The receiver who knows the private key corresponding to the public key can recover the same random secret key from the encapsulation by the KEM's decapsulation algorithm.

The security goal of a KEM is to prevent anyone who does not know the private key from recovering any information about the encapsulated secret keys, even after eavesdropping or submitting other encapsulations to the receiver to study how the receiver reacts.

==Difference from public-key encryption==

A public-key encryption scheme, to confidentially transport an arbitrary message $m$ from a sender to a receiver. The message $m$ is chosen by the sender.

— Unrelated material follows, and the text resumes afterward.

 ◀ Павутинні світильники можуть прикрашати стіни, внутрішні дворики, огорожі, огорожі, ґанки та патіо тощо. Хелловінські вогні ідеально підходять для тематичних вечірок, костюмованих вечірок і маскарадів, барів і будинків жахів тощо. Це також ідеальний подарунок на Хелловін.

The difference between a public-key encryption scheme and a KEM is that a public-key encryption scheme allows a sender to choose an arbitrary message from some space of possible messages, while a KEM chooses a short secret key at random for the sender.

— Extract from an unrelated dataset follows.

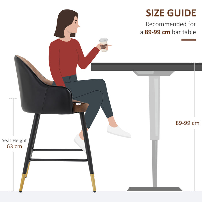 Experience unmatched comfort as you settle into the plush, padded seats of these bar stools. The curved backs and armrests embrace your body's natural contours, while the smooth faux leather upholstery provides a gentle, tactile sensation for you and your guests.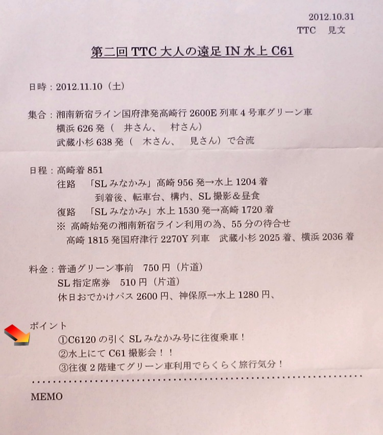 明後日はいよいよ「TTC大人の遠足IN水上・C61乗車」です。

The sender may take the random secret key produced by a KEM and use it as a symmetric key for an authenticated cipher whose ciphertext is sent alongside the encapsulation to the receiver.
This serves to compose a public-key encryption scheme out of a KEM and a symmetric-key authenticated cipher in a hybrid cryptosystem.

Most public-key encryption schemes such as RSAES-PKCS1-v1_5, RSAES-OAEP, and Elgamal encryption are limited to small messages and are almost always used to encrypt a short random secret key in a hybrid cryptosystem anyway.
And although a public-key encryption scheme can conversely be converted to a KEM by choosing a random secret key and encrypting it as a message, it is easier to design and analyze a secure KEM than to design a secure public-key encryption scheme as a basis.
So most modern public-key encryption schemes are based on KEMs rather than the other way around.

==Definition==

===Syntax===

A KEM consists of three algorithms:

1. Key generation, $(\mathit{pk}, \mathit{sk}) := \operatorname{Gen}()$, takes no inputs and returns a pair of a public key $\mathit{pk}$ and a private key $\mathit{sk}$.
2. Encapsulation, $(k, c) := \operatorname{Encap}(\mathit{pk})$, takes a public key $\mathit{pk}$, randomly chooses a secret key $k$, and returns $k$ along with its encapsulation $c$.
3. Decapsulation, $k' := \operatorname{Decap}(\mathit{sk}, c')$, takes a private key $\mathit{sk}$ and an encapsulation $c'$, and either returns an encapsulated secret key $k'$ or fails, sometimes denoted by returning $\bot$ (called "bottom").

In the asymptotic setting of theoretical cryptography, the algorithms are all probabilistic polynomial-time in a security parameter $\lambda$, and the length of the secret key $k$ is a function of the security parameter $\lambda$.

In practical cryptography, the secret key $k$ is usually of a fixed length for each algorithm.
For example, ML-KEM always uses 256-bit secret keys, while the algorithms in vary between 256-, 384-, and 512-bit secret keys; secret keys of arbitrary length can be derived from $k$ by a key derivation function.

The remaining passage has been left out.